Habit, vegetative morphology. Annual, or perennial; caespitose. Culms 13–250 cm high; herbaceous; branched above, or unbranched above. Culm nodes glabrous. Culm internodes solid. Plants unarmed. Young shoots intravaginal. Leaves mostly basal, or not basally aggregated; non-auriculate; without auricular setae (but the mouth of the sheath sometimes hairy). Leaf blades linear; narrow; 2–5 mm wide; setaceous, or not setaceous; flat, or rolled (convolute); without abaxial multicellular glands; without cross venation; persistent. Ligule a fringed membrane, or a fringe of hairs; 0.25–0.5 mm long. Contra-ligule absent.
Reproductive organization. Plants bisexual, all with bisexual spikelets; with hermaphrodite florets.
Inflorescence. Inflorescence of spicate main branches (a raceme of numerous, up-curved, spike-like branches); with conspicuously divaricate branchlets, or without conspicuously divaricate branchlets (when immature); non-digitate (the branches tending to whorls). Inflorescence with axes ending in spikelets. Rachides the slender spikelet bearing rachides flattened and sinuous. Inflorescence espatheate; not comprising ‘partial inflorescences’ and foliar organs. Spikelet-bearing axes spikelike. The racemes without spikelets towards the base. Spikelet-bearing axes disarticulating; falling entire (the racemes falling after the spikelets have broken up). Spikelets solitary; secund (the spikelet bearing rachides one-sided); biseriate; shortly pedicellate; imbricate.

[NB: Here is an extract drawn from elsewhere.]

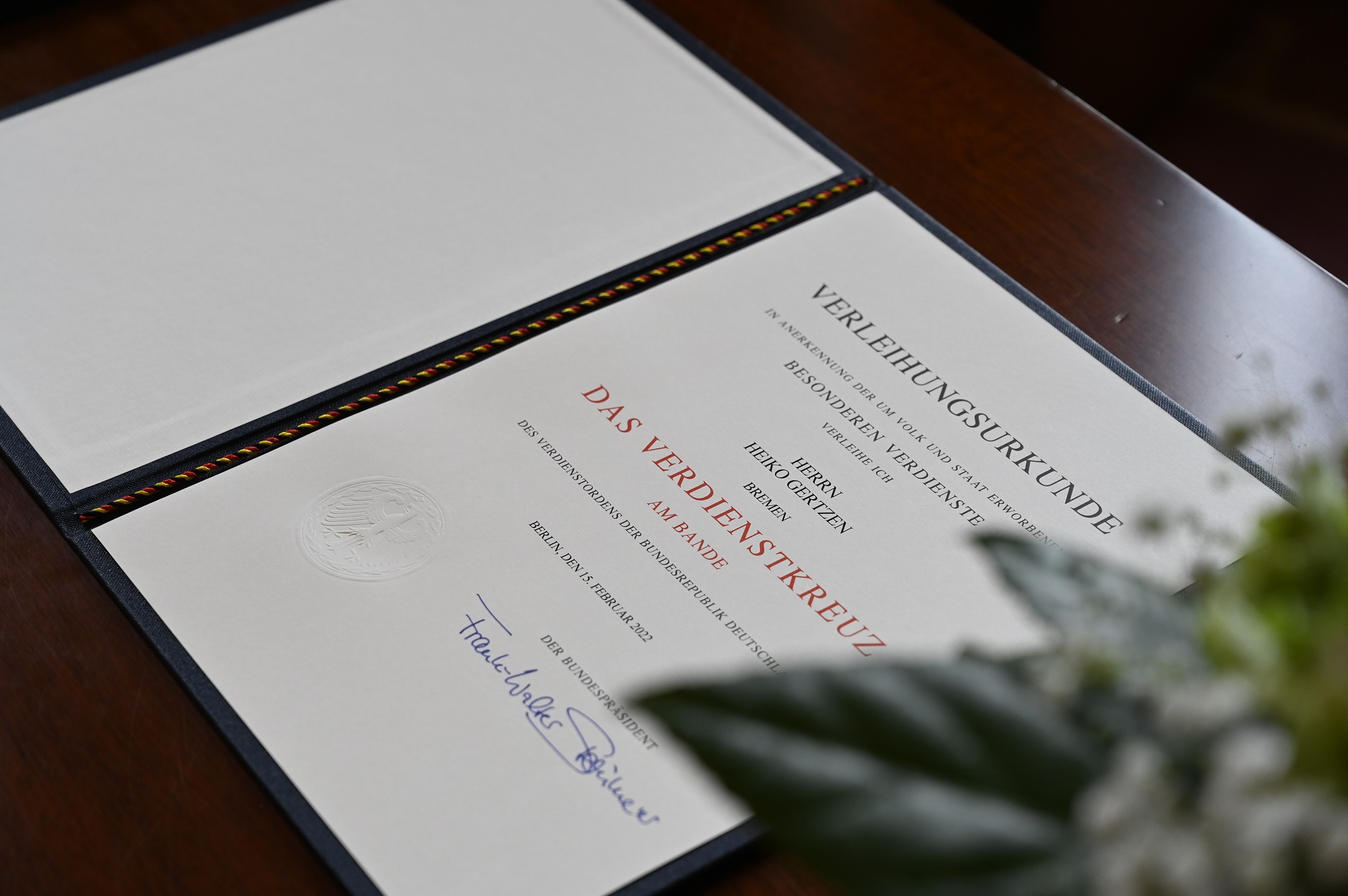 Für sein langjähriges ehrenamtliches Engagement hat der Bundespräsident dem ehemaligen Studiendirektor, Heiko Gertzen, das Verdienstkreuz am Bande verliehen. Der Präsident des Senats der Freien Hansestadt Bremen, Bürgermeister Dr. Andreas Bovenschulte hat dies heute (24. Juni 2022) im Rahmen einer Kaffeetafel im Senatssaal überreicht.

Female-fertile spikelets. Spikelets 3.3–7.8 mm long; compressed laterally; disarticulating above the glumes; not disarticulating between the florets, or disarticulating between the florets (disarticulating between the lemmas, or the glumes and lemmas falling irregularly to leave the paleas on the persistent rachilla); with conventional internode spacings. Rachilla prolonged beyond the uppermost female-fertile floret; hairy (ciliate at the disarticulating apices); the rachilla extension with incomplete florets. Hairy callus absent. Callus absent.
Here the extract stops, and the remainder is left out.